Евдокия захлопотала подле дочери, а дядька Павло, закусив ус, отер шапкой набежавшую слезу и выскочил из избы вон. Тогда-то и столкнулся он с ничего не подозревающим Ефимом, когда шел заливать горюшко в кабак. Не было сил у старого казака пересказывать страшную историю своему крестнику, не смог он более совладать с собой...
... Ефимка влетел в избу и застал там горько рыдавшую в коленях у мамки старшую сестру. По лицу Евдокии тихо струились слезы, а рука нежно гладила простоволосую голову Даши.
– Тихо, тихо, доченька, горе наше горькое, доля наша бабья тяжкая... – утешающе приговаривала мать.
Беспомощным взглядом смотрел Ефимка на горюющих женщин, и невысказанные вопросы комом стояли у него в горле.
Наконец мать увидала сына и протянула к нему руки:
– Ефимушка, сынок, батька-то наш, пораненный весь, а Григорий и на вовсе загинул...
Более несчастная женщина не смогла ничего сказать, долго сдерживаемые слезы душили ее. Ефим подошел к матери и обнял ее.
– Матушка, где батя, что с ним? – наконец смог вымолвить он.
– В горнице лежит под образами.

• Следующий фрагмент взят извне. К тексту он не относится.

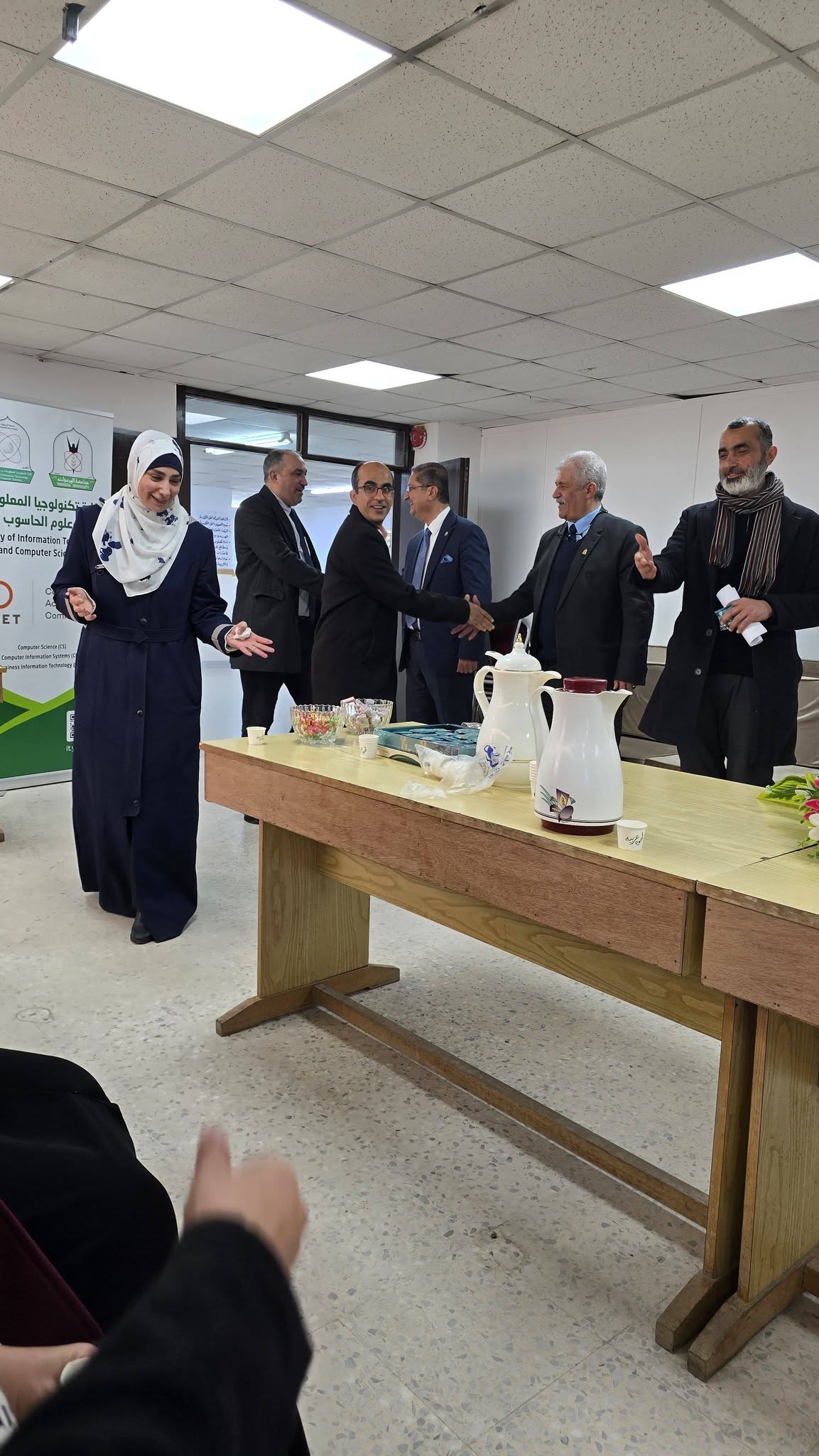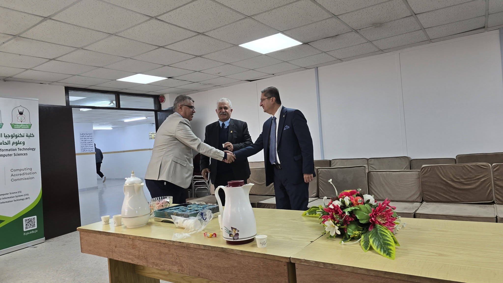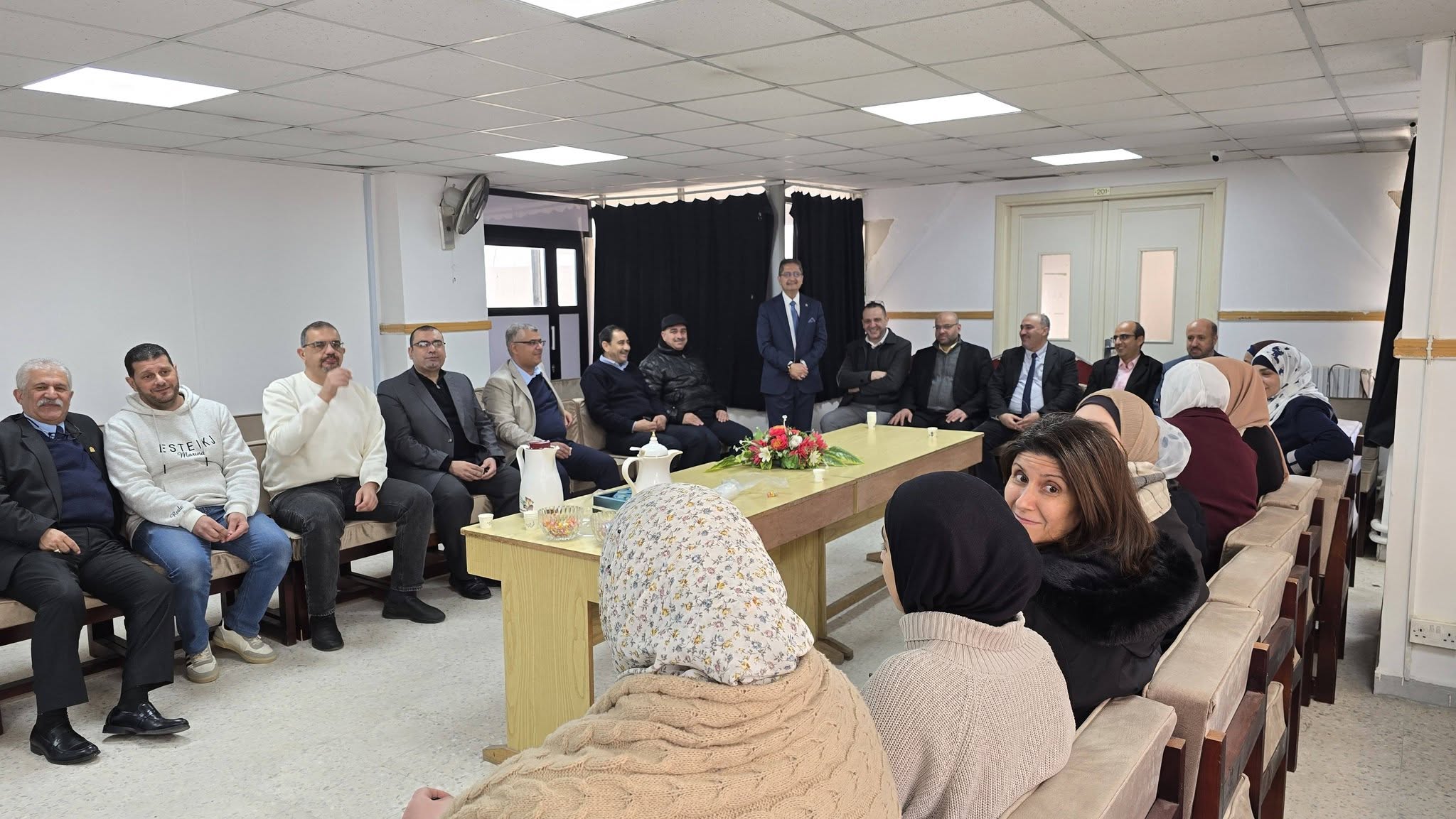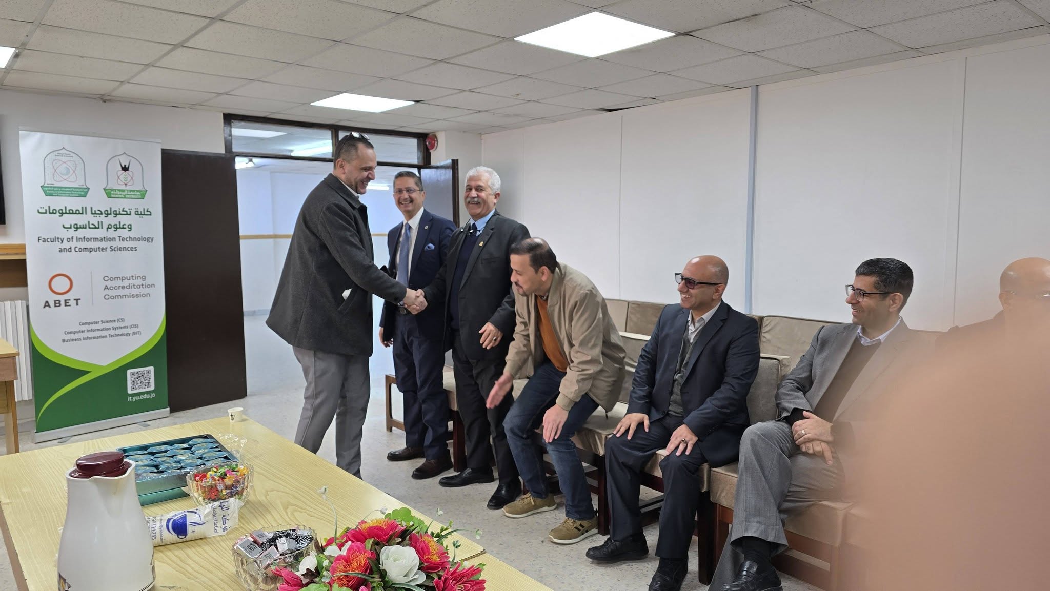 حيث قدم عميد الكلية الدكتور قاسم الردايدة بهذه المناسبة السعيدة خالص التهاني لأسرة الكلية من أعضاء الهيئتين التدريسية والإدارية والطلبة، داعيا الله العلي القدير أن يعيد هذا العيد على وطننا الغالي وقيادتنا والأمتين العربية والإسلامية بالخير واليمن والبركات. وان يحفظ الله الاردن وجامعتنا الحبيبة ويرعاها بعين رعايته.

Лекарь был, молиться велел: больно плох батька, в себя не приходит... – ответила, справившись с собой, Евдокия.
До сознания хлопчика после слов матери начало доходить, что в их семью действительно нагрянула страшная беда. С помертвелым лицом он вошел в горницу, где лежал Харитон, и медленно приблизился к отцовскому скорбному ложу.
Видимо, бате после лекарских стараний стало полегче: жар спал, и израненный казак спал. Его сон нельзя было назвать спокойным, несчастный стонал и метался, но все-таки это был сон, а не черный провал беспамятства.
Когда Ефим увидел, что у отца по локоть отрублена правая рука, какая-то тупая заноза зацепила его прямо в сердце, да так там и осталась. Парнишка не придал значения этому происшествию, так как вид измученного отца доставлял ему настоящую муку. Но неспроста эта заноза случилась с Ефимом, неспроста...
... Много позже, когда ночь вступила в свои права и измученные горем домочадцы прикорнули кто где подле лавки, на которой лежал их кормилец, Харитон проснулся. В изголовье у образа Богоматери теплилась свеча, и в ее неверном свете он разглядел, что находится в родной избе. Казак попытался встать, но острая боль и отсутствие руки не дали ему этого сделать. С громким стоном, разбудившим семью, он рухнул обратно на лавку.
Сквозь туман, застилавший разум, Харитон вспомнил все, что произошло с ним в этом треклятом походе...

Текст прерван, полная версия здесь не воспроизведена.